Stored dataset items:
__________

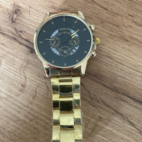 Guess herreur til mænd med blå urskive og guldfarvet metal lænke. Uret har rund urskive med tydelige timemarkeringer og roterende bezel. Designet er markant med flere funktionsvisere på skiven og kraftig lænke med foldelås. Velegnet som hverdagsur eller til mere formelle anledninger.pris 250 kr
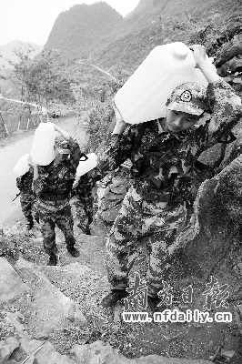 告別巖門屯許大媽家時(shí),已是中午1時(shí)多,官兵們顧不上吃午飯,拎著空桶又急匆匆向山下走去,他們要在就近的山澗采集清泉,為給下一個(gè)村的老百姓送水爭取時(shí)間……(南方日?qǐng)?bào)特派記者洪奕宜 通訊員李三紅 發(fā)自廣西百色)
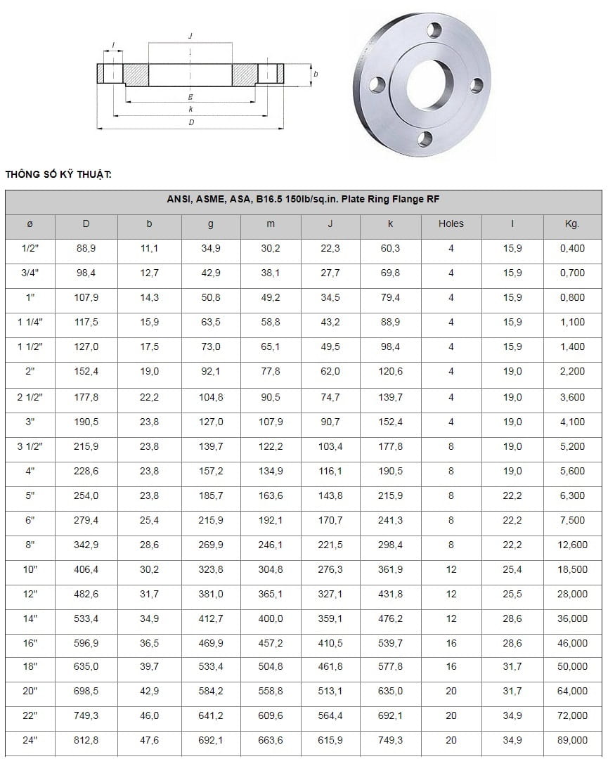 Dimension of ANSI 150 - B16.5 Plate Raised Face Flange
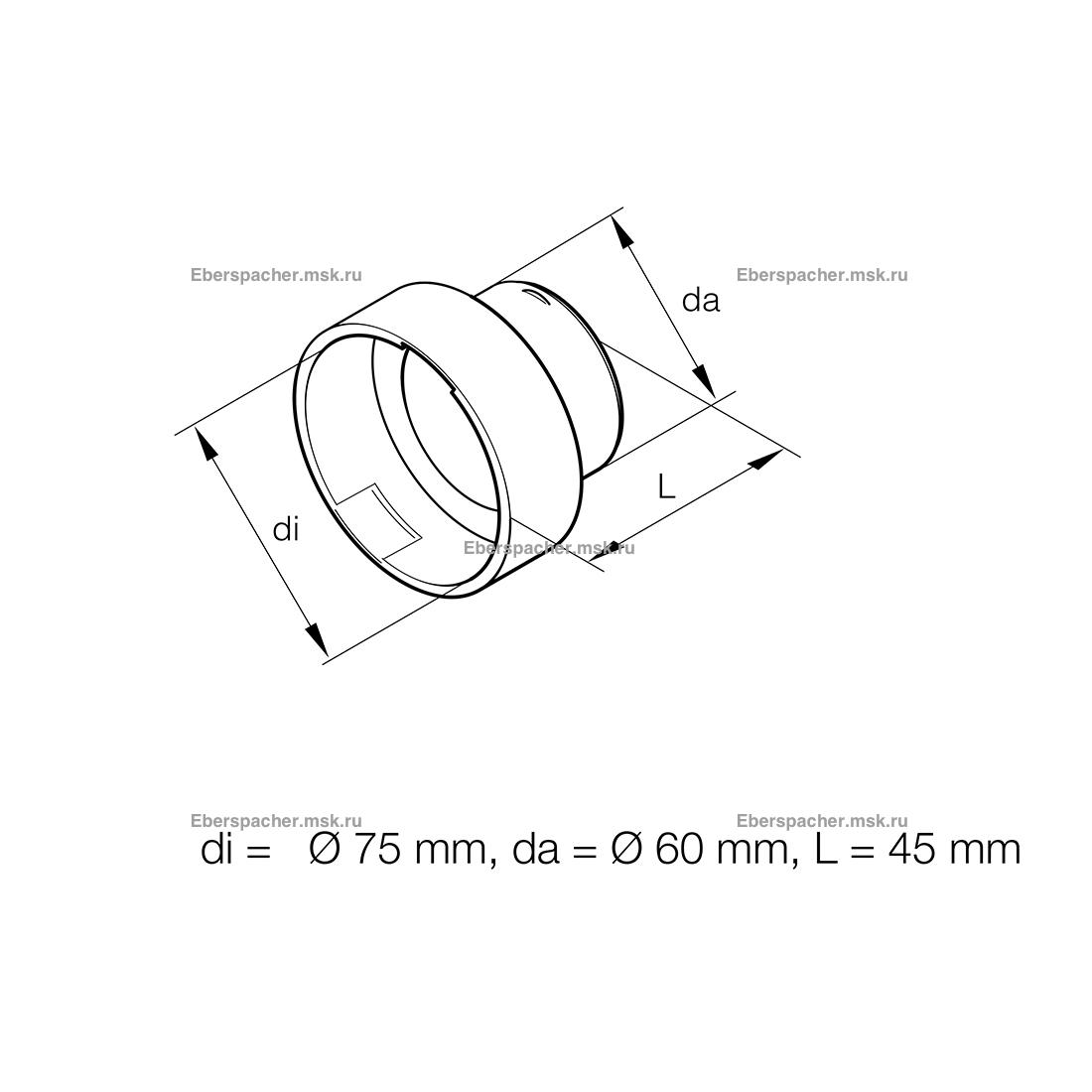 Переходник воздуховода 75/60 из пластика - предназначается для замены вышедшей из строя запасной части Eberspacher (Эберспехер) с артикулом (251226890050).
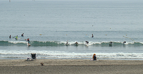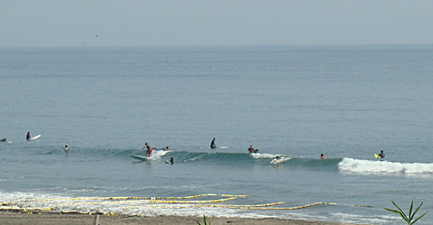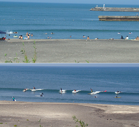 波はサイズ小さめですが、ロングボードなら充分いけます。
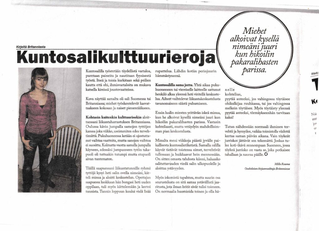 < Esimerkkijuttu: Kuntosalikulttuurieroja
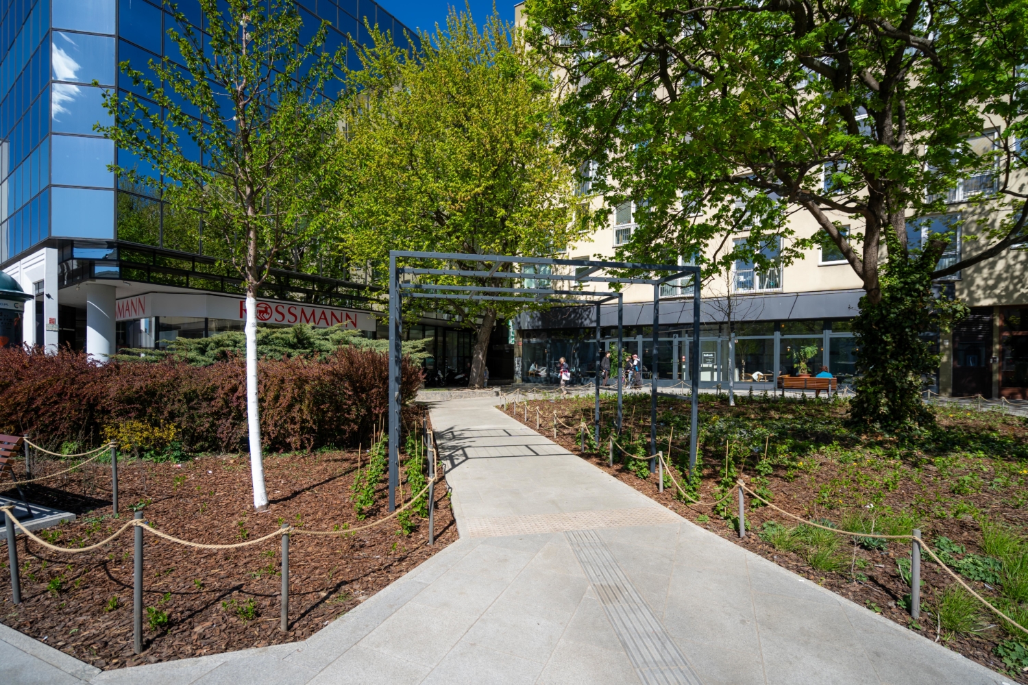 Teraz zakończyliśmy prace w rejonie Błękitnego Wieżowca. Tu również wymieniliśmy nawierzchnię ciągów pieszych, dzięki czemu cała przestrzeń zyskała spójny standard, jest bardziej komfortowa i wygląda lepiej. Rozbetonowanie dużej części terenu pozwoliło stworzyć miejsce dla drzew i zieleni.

__________

What to produce: When you reproduce the data shown above, keep each line exact and omit every picture.

Reply to the task:
 Guess herreur til mænd med blå urskive og guldfarvet metal lænke. Uret har rund urskive med tydelige timemarkeringer og roterende bezel. Designet er markant med flere funktionsvisere på skiven og kraftig lænke med foldelås. Velegnet som hverdagsur eller til mere formelle anledninger.pris 250 kr
 告別巖門屯許大媽家時(shí),已是中午1時(shí)多,官兵們顧不上吃午飯,拎著空桶又急匆匆向山下走去,他們要在就近的山澗采集清泉,為給下一個(gè)村的老百姓送水爭取時(shí)間……(南方日?qǐng)?bào)特派記者洪奕宜 通訊員李三紅 發(fā)自廣西百色)
 Dimension of ANSI 150 - B16.5 Plate Raised Face Flange
 Переходник воздуховода 75/60 из пластика - предназначается для замены вышедшей из строя запасной части Eberspacher (Эберспехер) с артикулом (251226890050).
 波はサイズ小さめですが、ロングボードなら充分いけます。
 < Esimerkkijuttu: Kuntosalikulttuurieroja
 Teraz zakończyliśmy prace w rejonie Błękitnego Wieżowca. Tu również wymieniliśmy nawierzchnię ciągów pieszych, dzięki czemu cała przestrzeń zyskała spójny standard, jest bardziej komfortowa i wygląda lepiej. Rozbetonowanie dużej części terenu pozwoliło stworzyć miejsce dla drzew i zieleni.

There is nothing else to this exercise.